This is something I posted on netpoetic recently. Thought I’d put it here as well.

I’ve actually been scanning the internet, trying to find new (and old, forgotten) projects to include in a class I’m calling “Poetry in the Age of New Media.” I wish I had used “time” instead of “age” in the title, but I think there was a hint of satire in the use of “age,” like we were all Victorians or something (it would have been hilarious if I had used “era”). I think “time” would have been perfect, actually, as time is not only the subject but the content, the material, of so much new media art.

I’m sure much in this list is known to readers of this site. It’s mostly things that have not appeared in the ELC1 collection or which have not gotten much play (such as Facade), and mostly from artists outside the purview of “e-literature,” though not exlusively. This isn’t highly edited or exhaustive — really just pasted notes.

The Gates of Paradise, David Daniels
http://www.thegatesofparadise.com
Total outsider stuff, pdfs, some of which are animated. Links somewhat with the idea of “conceptual writing” that is promoted by writers such as Kenneth Goldsmith and Craig Dworkin (see the conceptual writing anthology on ubu.com). David died about a year ago.

Dagmar Chili, Toadex Hobogrammathon
http://dagmar_chili.pitas.com
More total outsider stuff, by someone who I had a small correspondence with years ago, but whose identity I still don’t know. I’ve blogged about Toadex quite a bit on www.arras.net/fscIII.
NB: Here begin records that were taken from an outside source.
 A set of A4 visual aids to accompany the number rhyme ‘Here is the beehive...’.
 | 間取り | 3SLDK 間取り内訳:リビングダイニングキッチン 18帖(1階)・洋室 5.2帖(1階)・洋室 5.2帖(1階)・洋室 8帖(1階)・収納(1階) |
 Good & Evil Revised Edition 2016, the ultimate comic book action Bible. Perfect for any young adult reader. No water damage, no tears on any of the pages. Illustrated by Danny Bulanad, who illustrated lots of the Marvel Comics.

New Digital Emblems, William Poundstone
http://williampoundstone.net
Actually, Poundstone has a number of substantila projects, but I think the emblems are the most neglected as the piece is involved and seems to be non-fiction. I haven’t looked at his new pieces. I’m having lunch with him on Monday (never met him before). [P.S. The lunch went swimmingly, he’s a cool guy.]

An Mosaic for Convergence, Charles Bernstein
http://www.altx.com/EBR/ebr6/ebr6.htm
This is a very old piece, but I think it’s still fresh and the best thing of its kind (whatever that is). Charles explored an interesting visual vocabulary here which ran up against the very design school look of much internet art at the time (this is before jodi.org, or at least before I had seen them).

oooxxxooo, Juliet Martin
http://www.julietmartin.com/oooxxxooo/Answer.html
This is still one of my favorite, very early HTML poems. She never did much after this. I had lunch with her in New York once, she seemed more a graphic designer than writer, but this is exceptional.

Alternumerics, Paul Chan
http://www.nationalphilistine.com/alternumerics
Paul was one of the finalists for the first (and last?) Electronic Literature awards. He’s since become a huge art star (rightfully so), with a recent profile in the New Yorker. I still think this project of his is extraordinary.
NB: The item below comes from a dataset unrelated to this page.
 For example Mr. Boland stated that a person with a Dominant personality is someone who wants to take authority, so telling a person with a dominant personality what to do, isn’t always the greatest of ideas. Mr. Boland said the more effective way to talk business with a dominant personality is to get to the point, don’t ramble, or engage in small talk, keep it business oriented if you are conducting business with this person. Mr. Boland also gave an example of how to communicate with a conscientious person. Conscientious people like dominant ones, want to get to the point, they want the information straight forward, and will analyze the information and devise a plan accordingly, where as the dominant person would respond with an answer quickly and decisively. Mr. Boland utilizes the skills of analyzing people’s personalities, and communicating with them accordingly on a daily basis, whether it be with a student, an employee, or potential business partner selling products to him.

Bembo’s Zoo, deVicq de Cumptich
http://www.bemboszoo.com
Ok, this might seem like eye candy, but I think it’s profoundly eye candy, i.e. it really gets at certain pleasures of seeing that most e-lit doesn’t approach. (Another piece of eye candy is that ubiquitous Youtube video based on the Samuel Jackson monologue in Pulp Fiction.

Basho’s Frogger, Prize Budget for Boys (Neil Hennessey)
http://epc.buffalo.edu/authors/hennessey/data/basho_frogger/index.html
Every element of the game contributes to the meaning of the “text,” and though there are only three words of text, they are very good words! Same guy who made Pac-Mondrian (http://pbfb.ca/pac-mondrian), which, again, sheds a huge amount of light on a not-particularly-clever pun. The Jabberwocky Engine is more impressive as engineering, but more like a tool than anything literary (whatever that is).
http://www.poemsthatgo.com/gallery/winter2004/jabber/index.htm.
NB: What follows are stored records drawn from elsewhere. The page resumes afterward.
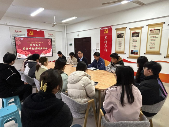 3月3日下午,数统学院在35号楼二楼“一站式”学生社区共享活动室召开寒假学生返乡思想动态调研座谈会。学院党委副书记蓝荣聪、团委副书记沈成平、辅导员许佳琦与本硕博各班代表齐聚一堂,围绕寒假见闻、个人思考与新学期规划等内容深入交流。座谈会由辅导员许佳琦主持。
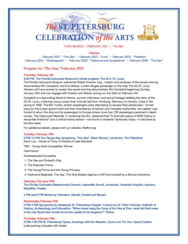 6:30 PM The Florida Holocaust Museum’s virtual program: The M.S. St. Louis.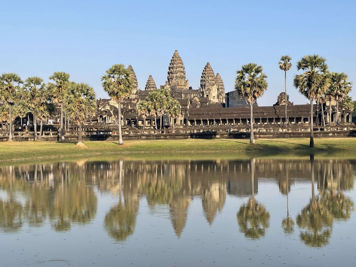 水面に映るアンコールワットの幻想的な風景。5つの塔が美しくそびえ立ち、青空とヤシの木が調和した壮観な光景が広がります。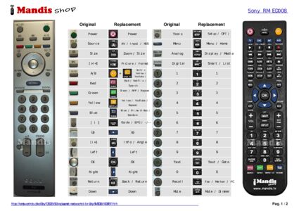 This remote control fully replaces your RM-ED008 (147997811) and offers all the functions of the original.

The Narrative You Anticipate You May Produce, Thom Swiss
http://bailiwick.lib.uiowa.edu/swiss/directory.htm
Thom doesn’t seem to be making any new work. I like some of his pieces more than others, and I’m not sure how much this one alludes to algorithmic processes or simply reproduces the effect.

Electric Sheep Comix, Patrick Farley
http://en.wikipedia.org/wiki/Electric_Sheep_Comix
I point you to Wikipedia since Farley has removed this from the web. But you can still find it on the Wayback Machine:
http://web.archive.org/web/20050507140206/e-sheep.com/main.shtml.
I think Delta Thrives is really exceptional (even if very much a boy’s fantasy, I think it plugged into a lot of the utopian vibe of the time, even among women artists), and a great example of Scott McLoud’s concept of the endless canvas. The Spiders is a really interesting hypertext; I haven’t looked at the other one.

Mouchette, David Still
http://www.mouchette.org
One of the major early pieces of internet art, I think of it as a sort of version of e-lit, since it’s impact really comes from the text (not unlike Blackness for Sale: http://obadike.tripod.com/ebay.html), and it’s quite poetic, evocative and frightening. (David Still’s name is not usually attached to the work — it’s impact was partly due to the anonymity of the creator.)

Homeport, Lawrence Weiner
http://adaweb.walkerart.org/project/homeport
I just discovered this the other day, and have no idea what it is (the software that you need to view it won’t run on my laptop… hmm, but I will try my iMac… well, didn’t work). Weiner is, of course, a major conceptual artist, and has been doing work with animated text for a while — though this I just discovered a few weeks ago at a show here in Los Angeles. Have any of you seen it? With the acceptance of Young-Hae Chang as “electronic literature,” it only makes sense to look at digital art that is text-based and ask whether it is “electronic literature” also — though what a lot of work that is! Anyway, I’m really curious to see what this piece is about.

Fidget, Kenneth Goldmsith
http://archives.chbooks.com/online_books/fidget/?q=archives/online_books/fidget
I’ve never been entirely convinced that this was a successful digital translation, but it’s a useful object for discussion, and actually makes for great ambient reading – one of the few pieces that does so.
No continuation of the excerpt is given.